[WHAT TO PRODUCE]: Print the entries exactly as they appear, and omit any images.

[TASK INPUT]:
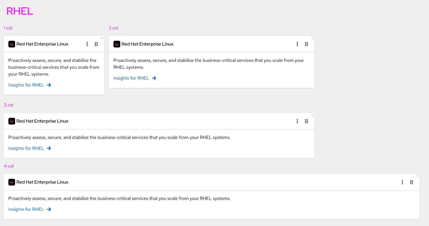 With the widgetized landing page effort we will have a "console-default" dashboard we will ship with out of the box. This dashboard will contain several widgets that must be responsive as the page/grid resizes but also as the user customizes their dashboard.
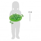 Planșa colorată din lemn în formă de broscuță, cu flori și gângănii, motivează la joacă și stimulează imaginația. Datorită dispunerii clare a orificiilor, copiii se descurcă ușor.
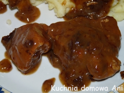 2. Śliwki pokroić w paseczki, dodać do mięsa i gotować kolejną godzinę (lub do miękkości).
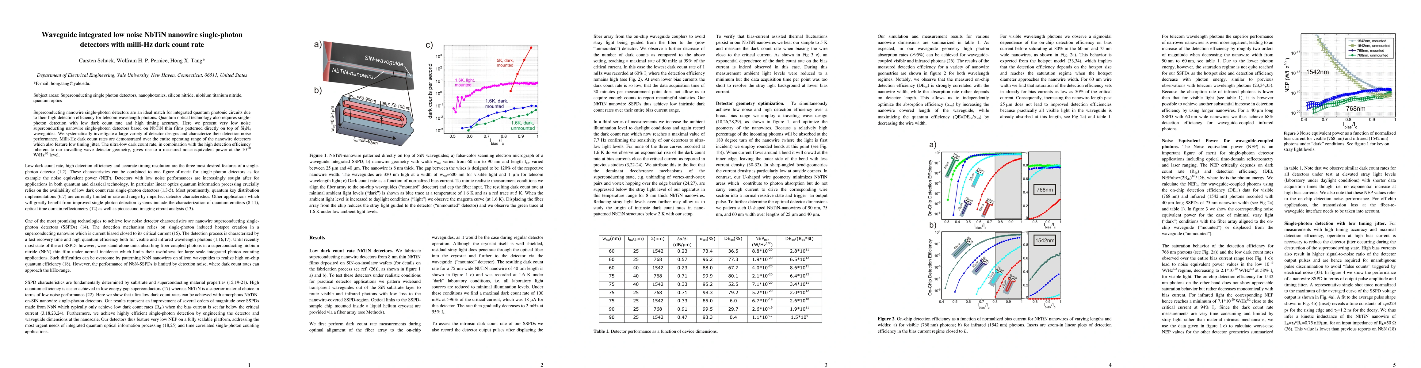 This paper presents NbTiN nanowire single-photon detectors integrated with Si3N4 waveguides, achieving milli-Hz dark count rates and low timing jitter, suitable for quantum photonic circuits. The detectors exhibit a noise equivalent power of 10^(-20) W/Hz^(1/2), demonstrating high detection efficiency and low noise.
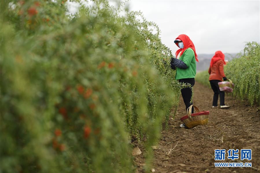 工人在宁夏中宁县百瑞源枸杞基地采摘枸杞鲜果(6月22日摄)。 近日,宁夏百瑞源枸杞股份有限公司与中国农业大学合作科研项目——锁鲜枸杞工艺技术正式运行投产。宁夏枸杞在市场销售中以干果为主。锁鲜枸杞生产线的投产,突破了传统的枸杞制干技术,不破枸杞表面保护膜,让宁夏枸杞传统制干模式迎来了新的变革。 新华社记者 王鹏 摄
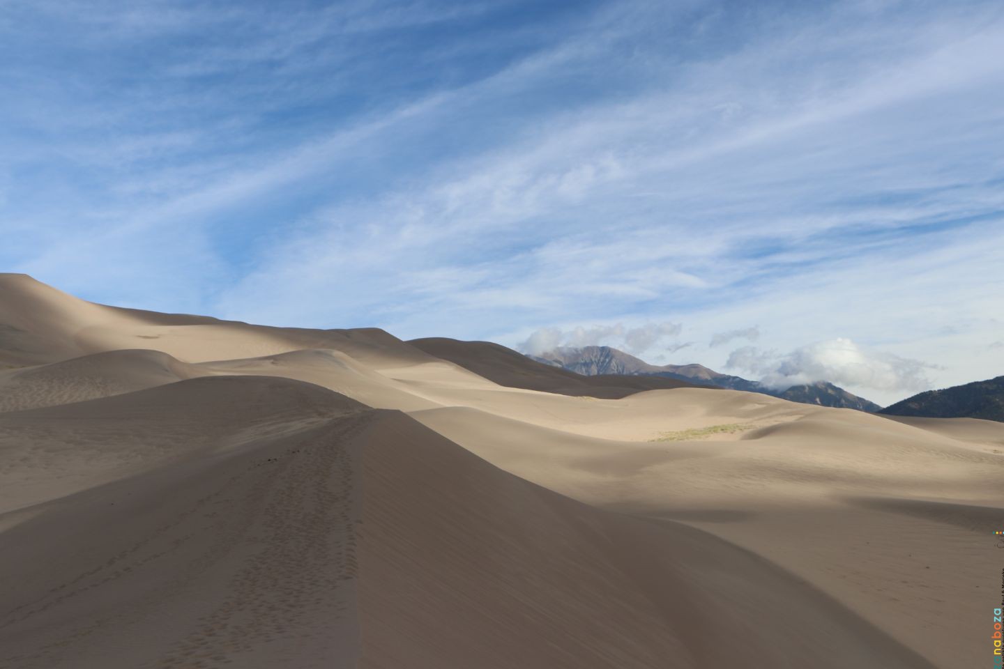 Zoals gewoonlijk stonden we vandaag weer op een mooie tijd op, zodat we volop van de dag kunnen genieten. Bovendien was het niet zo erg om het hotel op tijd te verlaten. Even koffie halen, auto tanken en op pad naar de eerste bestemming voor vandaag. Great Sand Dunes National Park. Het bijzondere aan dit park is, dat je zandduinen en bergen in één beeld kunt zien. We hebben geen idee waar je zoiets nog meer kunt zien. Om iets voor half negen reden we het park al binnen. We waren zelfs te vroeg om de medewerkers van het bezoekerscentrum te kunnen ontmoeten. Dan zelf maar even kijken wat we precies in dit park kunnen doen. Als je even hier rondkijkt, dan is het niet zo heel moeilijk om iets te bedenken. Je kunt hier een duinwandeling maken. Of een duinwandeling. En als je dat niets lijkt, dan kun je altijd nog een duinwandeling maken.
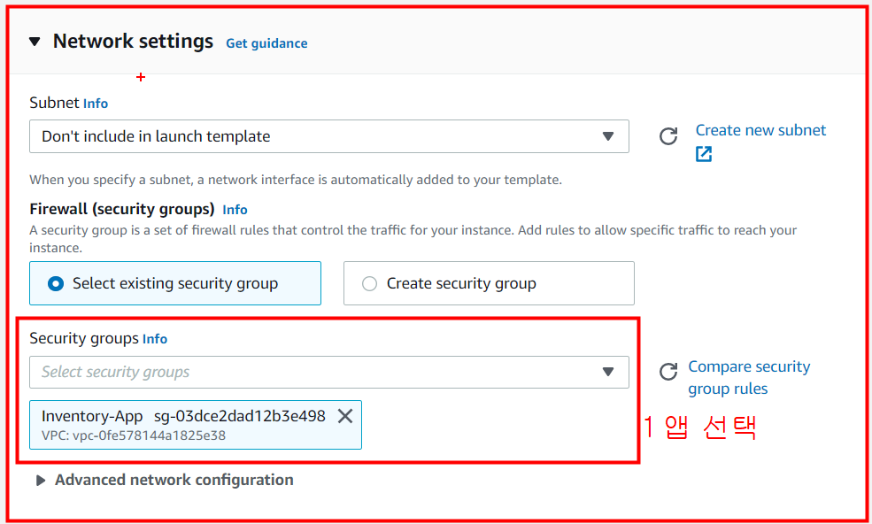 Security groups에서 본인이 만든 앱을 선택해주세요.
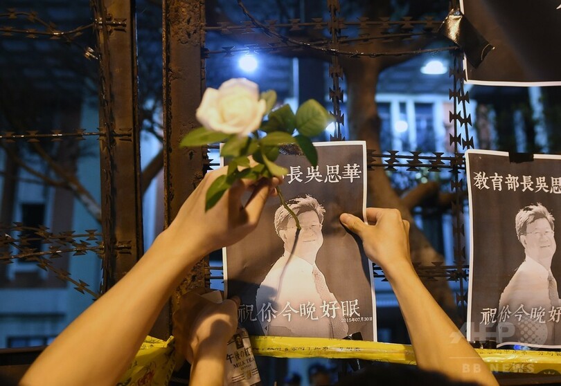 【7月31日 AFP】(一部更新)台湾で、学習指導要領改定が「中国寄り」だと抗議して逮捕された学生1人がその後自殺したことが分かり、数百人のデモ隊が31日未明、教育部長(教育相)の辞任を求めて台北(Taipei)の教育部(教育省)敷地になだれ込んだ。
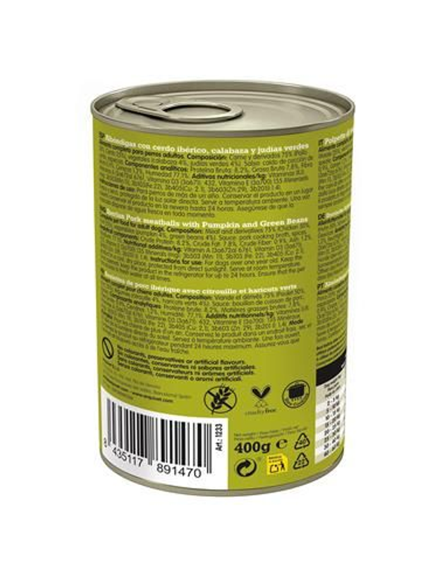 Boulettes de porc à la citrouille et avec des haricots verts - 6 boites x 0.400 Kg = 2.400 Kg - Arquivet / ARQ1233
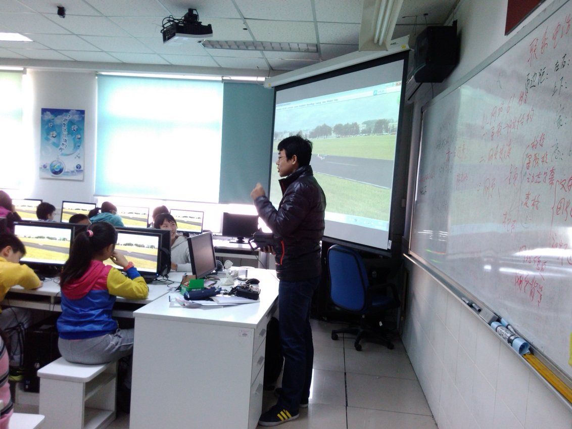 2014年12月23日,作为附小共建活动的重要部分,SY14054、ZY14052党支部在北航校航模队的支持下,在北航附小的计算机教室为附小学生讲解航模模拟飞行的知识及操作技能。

[RESPONSE BOX]:
 With the widgetized landing page effort we will have a "console-default" dashboard we will ship with out of the box. This dashboard will contain several widgets that must be responsive as the page/grid resizes but also as the user customizes their dashboard.
 Planșa colorată din lemn în formă de broscuță, cu flori și gângănii, motivează la joacă și stimulează imaginația. Datorită dispunerii clare a orificiilor, copiii se descurcă ușor.
 2. Śliwki pokroić w paseczki, dodać do mięsa i gotować kolejną godzinę (lub do miękkości).
 This paper presents NbTiN nanowire single-photon detectors integrated with Si3N4 waveguides, achieving milli-Hz dark count rates and low timing jitter, suitable for quantum photonic circuits. The detectors exhibit a noise equivalent power of 10^(-20) W/Hz^(1/2), demonstrating high detection efficiency and low noise.
 工人在宁夏中宁县百瑞源枸杞基地采摘枸杞鲜果(6月22日摄)。 近日,宁夏百瑞源枸杞股份有限公司与中国农业大学合作科研项目——锁鲜枸杞工艺技术正式运行投产。宁夏枸杞在市场销售中以干果为主。锁鲜枸杞生产线的投产,突破了传统的枸杞制干技术,不破枸杞表面保护膜,让宁夏枸杞传统制干模式迎来了新的变革。 新华社记者 王鹏 摄
 Zoals gewoonlijk stonden we vandaag weer op een mooie tijd op, zodat we volop van de dag kunnen genieten. Bovendien was het niet zo erg om het hotel op tijd te verlaten. Even koffie halen, auto tanken en op pad naar de eerste bestemming voor vandaag. Great Sand Dunes National Park. Het bijzondere aan dit park is, dat je zandduinen en bergen in één beeld kunt zien. We hebben geen idee waar je zoiets nog meer kunt zien. Om iets voor half negen reden we het park al binnen. We waren zelfs te vroeg om de medewerkers van het bezoekerscentrum te kunnen ontmoeten. Dan zelf maar even kijken wat we precies in dit park kunnen doen. Als je even hier rondkijkt, dan is het niet zo heel moeilijk om iets te bedenken. Je kunt hier een duinwandeling maken. Of een duinwandeling. En als je dat niets lijkt, dan kun je altijd nog een duinwandeling maken.
 Security groups에서 본인이 만든 앱을 선택해주세요.
 【7月31日 AFP】(一部更新)台湾で、学習指導要領改定が「中国寄り」だと抗議して逮捕された学生1人がその後自殺したことが分かり、数百人のデモ隊が31日未明、教育部長(教育相)の辞任を求めて台北(Taipei)の教育部(教育省)敷地になだれ込んだ。
 Boulettes de porc à la citrouille et avec des haricots verts - 6 boites x 0.400 Kg = 2.400 Kg - Arquivet / ARQ1233
 2014年12月23日,作为附小共建活动的重要部分,SY14054、ZY14052党支部在北航校航模队的支持下,在北航附小的计算机教室为附小学生讲解航模模拟飞行的知识及操作技能。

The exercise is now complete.